Higher derivative effects on eta/s at finite chemical potential

TL;DR

Problem: assess how higher-derivative corrections affect the shear viscosity to entropy density ratio in a holographic theory with finite $R$-charge chemical potential. Approach: compute in $D=5$ $\mathcal{N}=2$ gauged supergravity with the four-derivative $A\wedge\mathrm{Tr}(R\wedge R)$ term, derive the corrected $R$-charged black hole background, and evaluate $\eta/s$ via the Kubo formula in the hydrodynamic limit, perturbative in $\bar{c}_2$. Findings: $\eta/s$ deviates from the universal value by $-\bar{c}_2(1+q)$, with $q$ tied to the chemical potential via $\Phi=g r_0\sqrt{3q(1+q)}$ and the anomaly data via $\bar{c}_2=(c-a)/a$; the bound is violated for $c-a>0$, with larger $\Phi$ increasing the violation.

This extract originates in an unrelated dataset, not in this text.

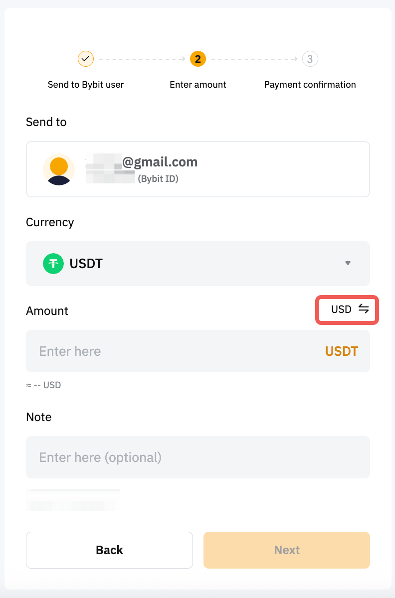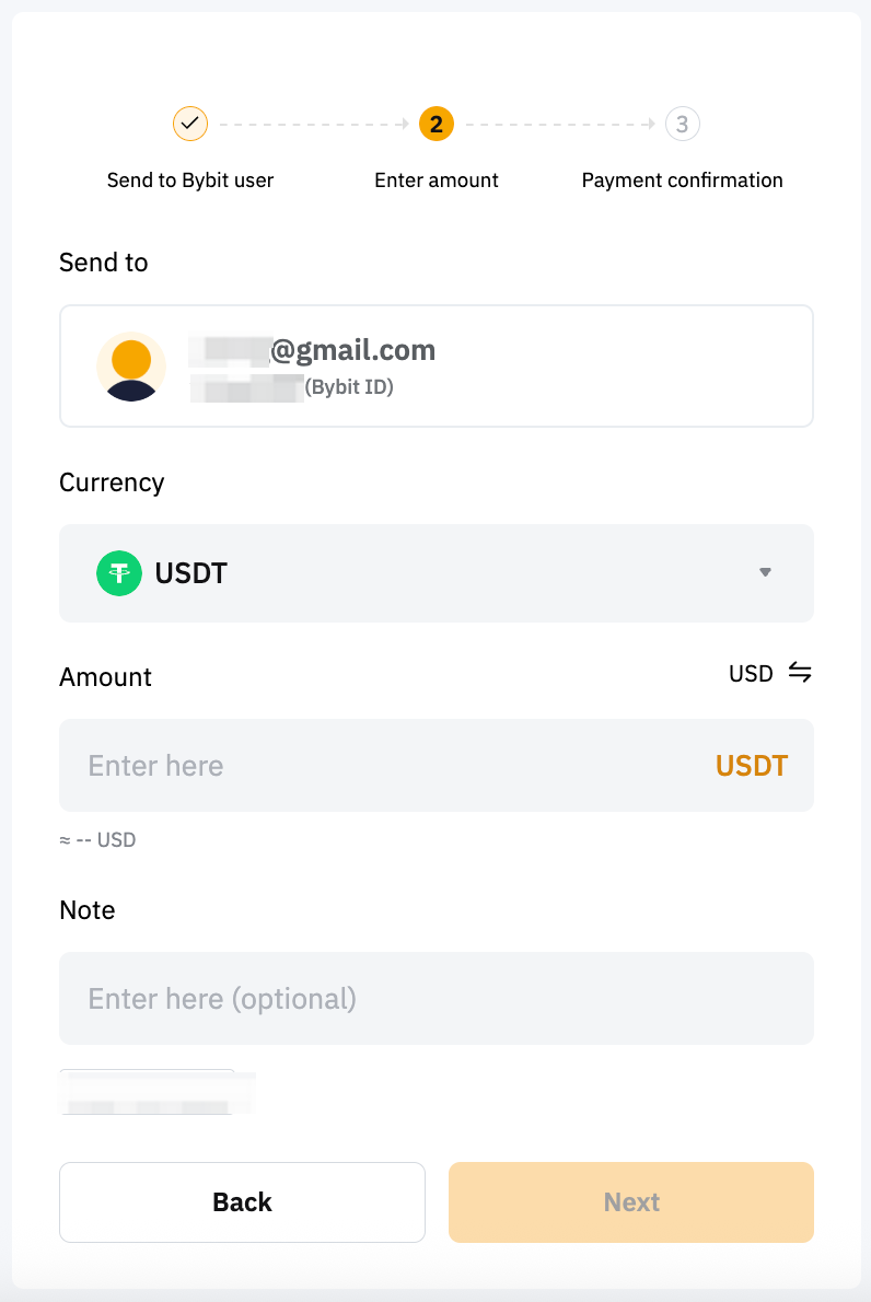 第 2 步:选择内部转账付款方式。您可以输入以下账户信息付款给其他 Bybit Pay 用户:
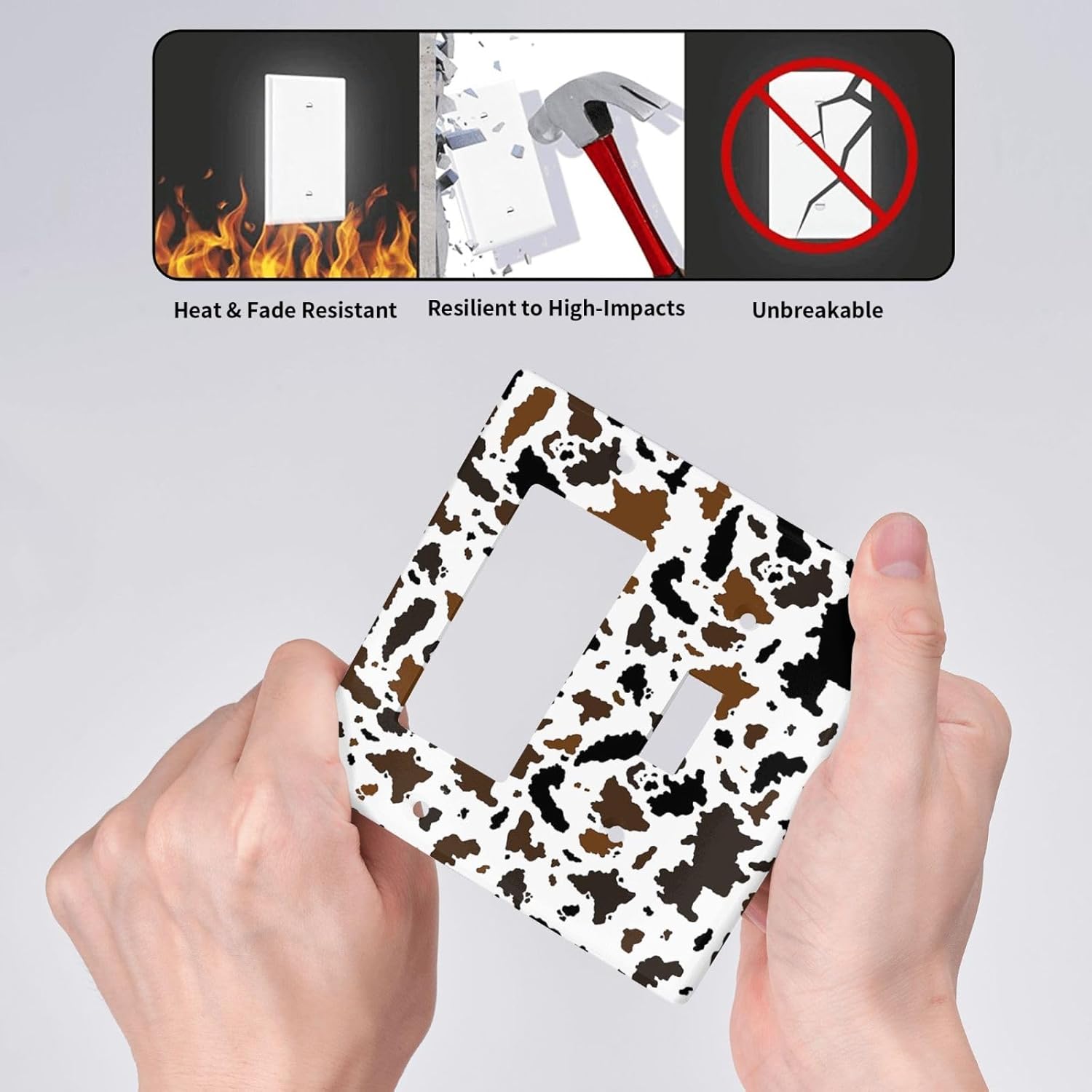 Outlet Covers Rustic Cowhide Highland Cow Milk Cow 1 Toggle 1 Rocker Combination Decorative Wall Plate Electrical Switch Plates Light Switch Cover Plate For Farmhouse Home Decor

Significance: demonstrates that finite-$N$ and finite-chemical-potential effects can produce controlled violations of the KSS bound in a supersymmetric, holographic setting, illuminating the limits and possible universality of the bound in higher-derivative, supersymmetric theories.

Abstract

We examine the effects of higher derivative corrections on eta/s, the ratio of shear viscosity to entropy density, in the case of a finite R-charge chemical potential. In particular, we work in the framework of five-dimensional N =2 gauged supergravity, and include terms up to four derivatives, representing the supersymmetric completion of the Chern-Simons term A \wedge Tr (R \wedge R). The addition of the four-derivative terms yields a correction which is a 1/N effect, and in general gives rise to a violation of the eta/s bound. Furthermore, we find that, once the bound is violated, turning on the chemical potential only leads to an even larger violation of the bound.